Donor-Level Performance Evaluation
In addition to aggregating results to the donor level, some donors also seek to evaluate these results. Of the 22 donor organizations reviewed, 18 conduct periodic evaluations of their own overall aid performance, which aim to assess performance across all organizational programs (Figure 2). Two-thirds of donors (14) conduct these evaluations internally, meaning that the donors themselves carry out the organization-wide evaluation. The remaining eight donors do not assign evaluation responsibilities to internal groups, but rather outsource evaluation activities to independent external reviewers.
Common challenges for donors in managing organizational evaluation relate to lack of financial resources, staff capacity, and internal coordination.

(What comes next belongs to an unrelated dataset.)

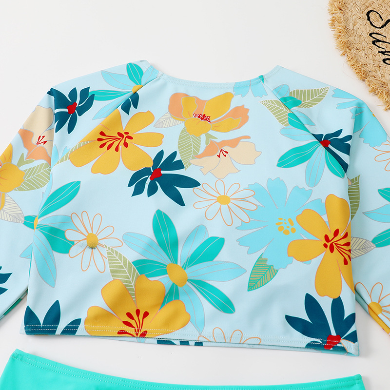 2025 유럽과 미국의 새로운 디지털 인쇄 높은 목 긴 소매 아마존 비키니 높은 허리 분할 서퍼 여성 수영복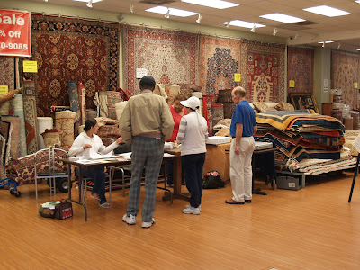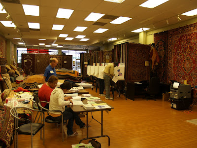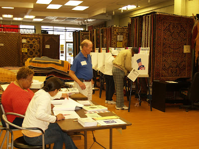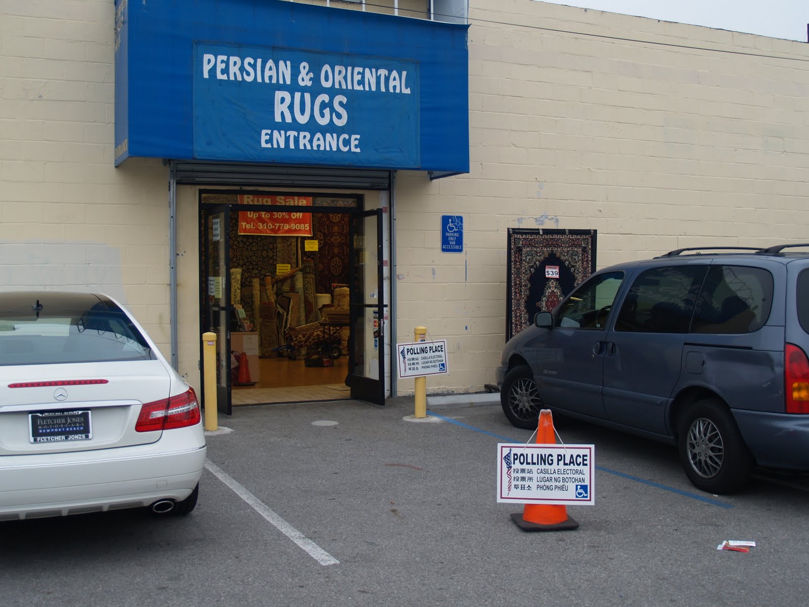 I came to work this morning at 6:00 am. Our rug gallery on 1655 South La Cienega Blvd. Los Angeles is a polling place. We have voting in California today. Four people are here from the Office of the Registrar, County of Los Angeles to do the set up and conduct the voting process. An inspector also stopped by to make sure everything is going smoothly. Those who have registered are coming in to cast their ballots.

Some donors describe inadequate technical support ([Vivideconomics’ review of donor M&E frameworks](http://www.afdb.org/fileadmin/uploads/afdb/Documents/Generic-Documents/Monitoring and evaluation frameworks and the performance and governance of international funds.pdf)), while others note that staff do not put all of their training into practice due to time and resource limitations (Norad). Incentives also constrain the scope and relevance of evaluations, as these are sometimes limited to interventions that are “easier” to evaluate or more likely to produce positive results (World Bank).

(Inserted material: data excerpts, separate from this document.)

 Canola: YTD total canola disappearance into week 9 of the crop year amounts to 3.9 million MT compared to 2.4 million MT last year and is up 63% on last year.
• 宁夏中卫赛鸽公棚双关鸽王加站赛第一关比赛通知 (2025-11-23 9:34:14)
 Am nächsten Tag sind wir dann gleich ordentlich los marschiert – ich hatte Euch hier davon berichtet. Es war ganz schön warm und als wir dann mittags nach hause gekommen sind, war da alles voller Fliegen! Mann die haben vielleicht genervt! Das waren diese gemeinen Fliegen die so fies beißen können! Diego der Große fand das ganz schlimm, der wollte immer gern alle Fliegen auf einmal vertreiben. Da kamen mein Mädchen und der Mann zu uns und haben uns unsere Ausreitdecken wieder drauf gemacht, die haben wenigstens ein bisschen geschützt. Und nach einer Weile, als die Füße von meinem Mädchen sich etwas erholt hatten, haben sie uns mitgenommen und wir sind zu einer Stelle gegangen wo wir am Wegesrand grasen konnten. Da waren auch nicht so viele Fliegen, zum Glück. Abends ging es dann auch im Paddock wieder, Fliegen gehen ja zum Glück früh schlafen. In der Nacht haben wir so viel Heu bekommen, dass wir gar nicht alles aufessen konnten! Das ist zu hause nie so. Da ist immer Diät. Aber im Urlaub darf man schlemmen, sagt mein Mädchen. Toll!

Results from individual project and portfolio evaluations contribute to organization-wide evaluations, meaning that following recommended practices for overcoming challenges in lower-level evaluations can also improve donor-level evaluations. Donor recommendations for addressing these challenges include budgeting for and planning evaluation time into program management decisions (Australia’s Department of Foreign Affairs and Trade), offering comprehensive training for program staff (Norad), providing more clarity on evaluation metrics (Norad), and having an evaluation specialist on each evaluation team (USAID).
EPAR finds that a majority of donors provide grantees with support and guidance on monitoring and evaluating results, have processes for aggregating results to the donor level, and conduct organization-wide evaluations every one to three years. Many donors also measure and report results at more than one level, usually the donor level and one lower level such as the project level (14 of 22) or the country level (8 of 22). There is wide scope for donors to improve their results measurement efforts, particularly by overcoming common challenges such as lack of access to monitoring and evaluation expertise, inadequate funding and staff capacity, poor data quality, and lack of alignment of indicators and reports. The next post in this series examines the types of donor-level results measures used to evaluate aid funding.
References to evidence linked in this post are included in EPAR’s full report.